The Dutch licensing company is a frequently used and reliable tax planning instrument.
There are many companies in the Netherlands which main activity is to receive royalties from or on behalf of group companies. The main reason to use the Netherlands as the location for such a "group licensing company" is the favourable Dutch tax regime for licensing activities (tax ruling) and the excellent legal and financial infrastructure.
We have extensive knowledge and expertise in the area of Dutch licensing companies and we are gladly prepared to advice you on this subject or to guide you to other professionals who can help you in other specialized areas (like international lawyers, accountants or trust companies).
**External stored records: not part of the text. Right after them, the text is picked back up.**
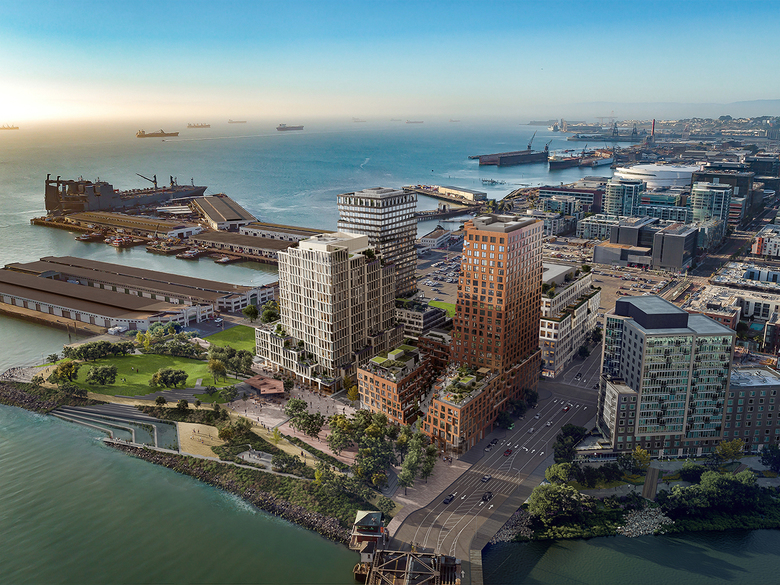A 28-acre parking lot is being transformed by Tishman Speyer and the San Francisco Giants into Mission Rock, a mixed-use neighborhood across the water from the Giants' Oracle Park. Phase 1 features buildings designed by Henning Larsen, MVRDV, Studio Gang, and WORKac.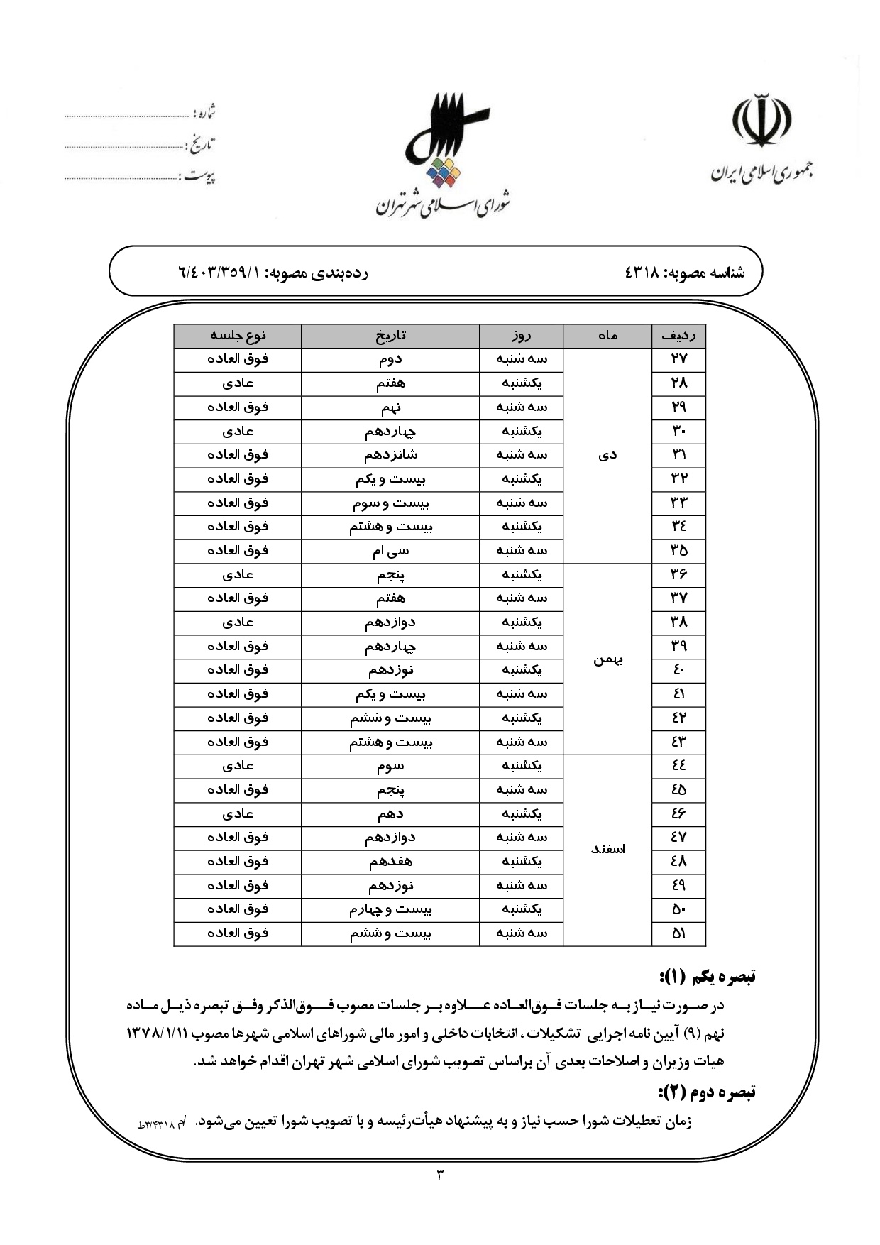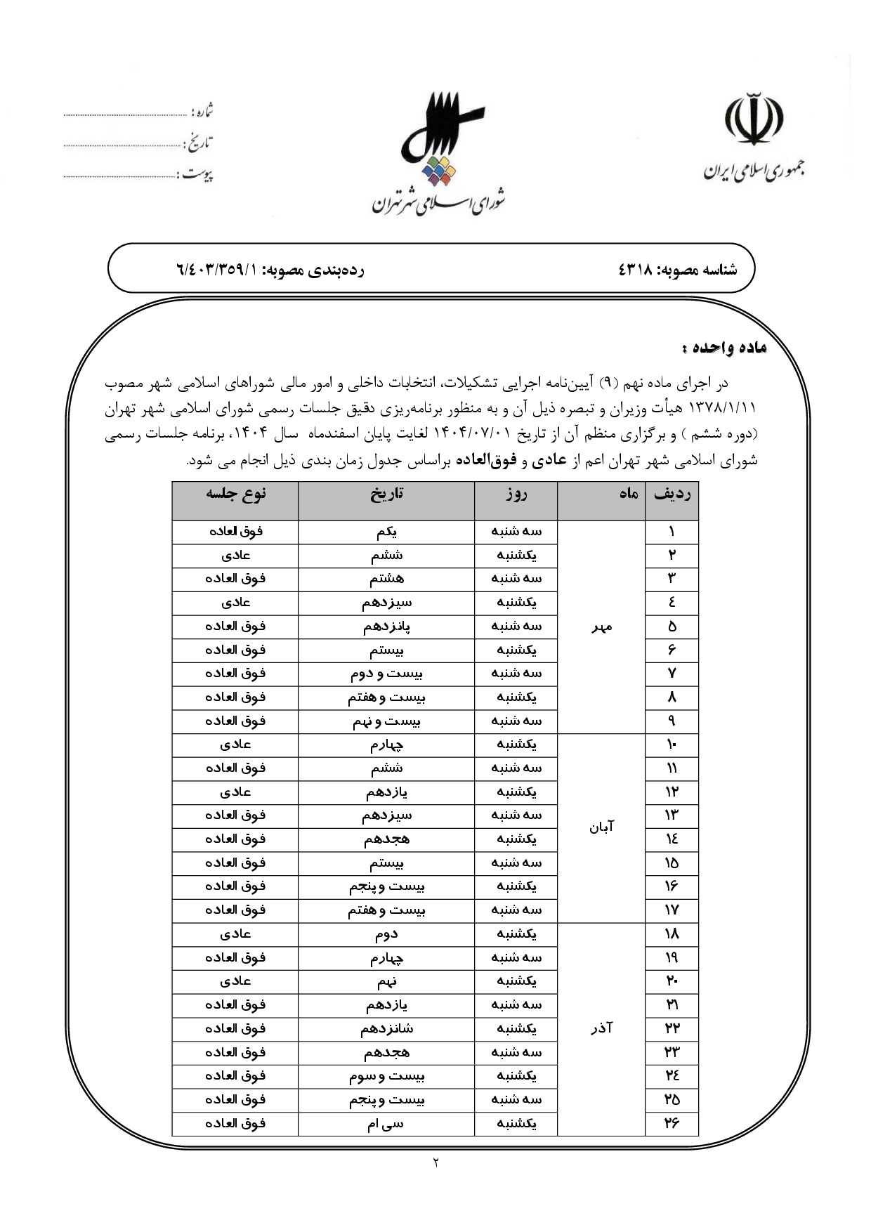 زمان برگزاري جلسات عادي و فوقالعاده شوراي اسلامي شهر تهران (ششمين دوره) در نيمه دوم سال 1404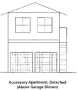 Accessory apartment, detached: A second dwelling unit that is added to an existing accessory structure (e.g., residential space above a detached garage), or as a new freestanding accessory building, for use as a complete, independent living facility for a single household, with provision within the accessory apartment for cooking, eating, sanitation and sleeping. Such a dwelling is considered an accessory use to the principal dwelling. Includes the term garage apartment.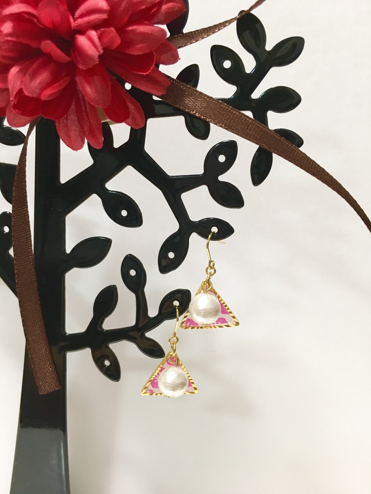 割と小ぶりですが、コットンパールとピンクの花柄がチラチラ見え隠れする大人可愛いピアスです。

If you are interested in our services, please feel free to contact us via e-mail or to call us at our office on the number +31 (10) 2010466.
The activities of a Dutch licensing company
The activities of a Dutch licensing company primarily consist of receiving royalties from or on behalf of group companies.
There are no virtually no limitations with regard to the activities of a Dutch licensing company. The licensing activities can be combined with holding activities, financing activities or actual operating activities, like trading or manufacturing.
The centralization of activities in a Dutch licensing company will make the structure more robust and resistant to the international tendency to deny tax advantages to purely tax driven vehicles. We refer also to the page The Dutch holding company plus.
The activities of the licensing company can differ depending on the purpose of the structure. Roughly speaking one can distinguish the Dutch royalty conduit company and the Dutch IP company.
We have extensive knowledge and expertise with setting up licensing companies on behalf of foreign clients and we are gladly prepared to advice you on this subject.
If you are interested in our services, please feel free to contact us via e-mail or to call us at our office on the number +31 (10) 2010466.
The Dutch royalty conduit company
The main activity of the Dutch royalty conduit company consists of receiving royalties on behalf of group companies.
The Dutch company is typically not the owner of intellectual property rights, but it only obtains a license from a group company which it then sub-licenses to other parties.
The owner of the IP is a group company. In order to avoid a high tax burden at the level of the owner of the IP, it is quite common that the company which owns the IP (and thus receives royalties from the Dutch company) is established in a jurisdiction which levies no or only few taxes over the IP income (tax haven). The Dutch tax system allows an easy transit of royalties to a tax haven company.
The ultimate licensee can be either a non-related party or a group company.
The primary motive for this structure is the reduction of foreign withholding taxes by virtue of applicable tax treaties or the EU Directive for Interest and Royalties.
The activities of a Dutch IP company can consist of all activities which are inherent to the ownership of intellectual property rights (IP). This can include registration, research & development, litigation against infringement, marketing, negotiating licenses and collecting royalties.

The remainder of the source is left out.